Dr. Rose and the volunteers were all pleased with the new growth the transplanted plants had. “Seeing it’s still doing well and not dying is pretty good. And for someone who knows plants, that’s exciting,” Dr. Rose said. “We’re hoping that with us doing this over the years, that these things will hopefully establish themselves and spread.”

Dr. Rose’s hope that the plants will spread is already seeing progress as last year’s plants have bloomed again and last year’s dropped seeds have begun to grow into plants.

Dr. Rose pointed out Rattlesnake Plantain, a native orchid. Photo by Hailey Blevins.

She pointed out an Orchid that had done just that. “Here is another of the Orchid’s we rescued and this one is actually making a flower. These are the seeds from last year. It should be blooming in July or August.”
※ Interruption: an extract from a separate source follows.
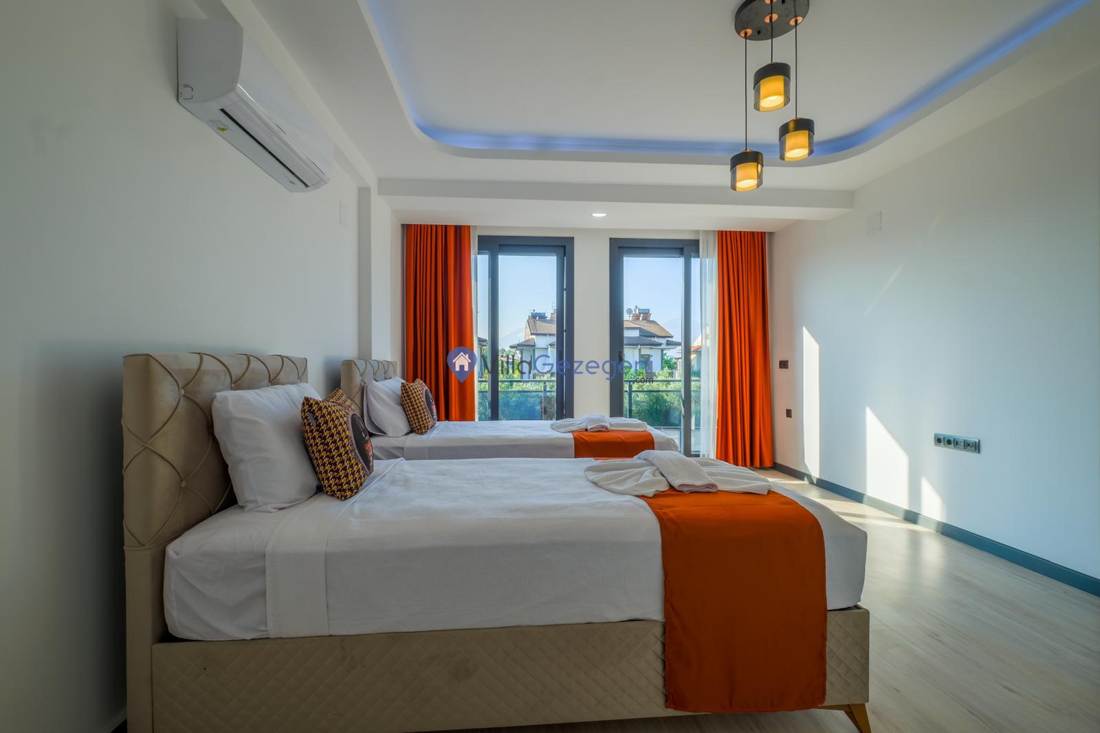 Fethiye Çiftlik bölgesinde yer alan 4 yatak odalı 8 kişi kapasiteli geniş aile ve arkadaş grupları için uygun kiralık tatil villası.

Seeing the plants do well and come back the next year makes the work worth all the effort for Dr. Rose and all the volunteers who help.


Transplanting these plants into an environment they will thrive in isn’t as easy as it sounds though. What makes transplanting some plants difficult for the NCNPS is that some plants need the fungi in the soil or other specific environments, to grow. “If you want to successfully transplant them, you want to take a big chunk of soil with all the fungi in there. Hopefully that will help them if you can transplant the fungus along with the plant.”

NCNPS is working on tagging the plants with QR codes, so visitors can scan them to learn more about the plants. Photo by Hailey Blevins.

Thankfully, Dr. Rose and the volunteers often saved some of the work since many of these specific requirements are already in the soil in the Daniel Boone Native Gardens. Dr. Rose commented on this, “In here, we’re lucky because these plants all grow with mycorrhizae associated with these kinds of trees. Those fungi are already in the soil, so they just need to reattach.”

The NCNPS still has a lot of work ahead of them throughout the Blue Ridge community. They serve Alleghany, Ashe, Avery, Burke, Caldwell, Watauga and Wilkes Counties. From removing invasive plants to cleaning seeds to tidying areas around transplanted plants, NCNPS does it all. In case you missed the volunteer opportunity at the Daniel Boone Native Gardens or Tuesday’s yard walk with Bill Dunson, there are several more opportunities coming up.

June 30 from 9-11:30 a.m., there will be a guided hike starting at the Profile Trail parking lot on “Edible, Medicinal, and Toxic Plants of Appalachia” at Grandfather Mountain State Park.

NCNPS will be keeping an eye on the Boone Greenway for more seedlings, so it’s possible there will be another volunteer opportunity there in a month or two.

The Tater Hill Hike in May was led by Dr. Matt Estep. The upcoming hike will be led by Marietta Shattelroe. Photo by Dr. Annkatrin Rose.

There will be monthly meeting on July 11 at the Daniel Boone Native Garden, featuring a tour of the Gardens. Information, seeds, and more will be available.

The Tater Hill Hike on July 15 to see Geum geniculatum is booked. Those interested may let them know in order to be added to a waiting list in case spots open up.

Anyone can volunteer with NCNPS to help keep NC’s plant life healthy and beautiful. All you need to volunteer is closed toed shoes, a water bottle, and gloves!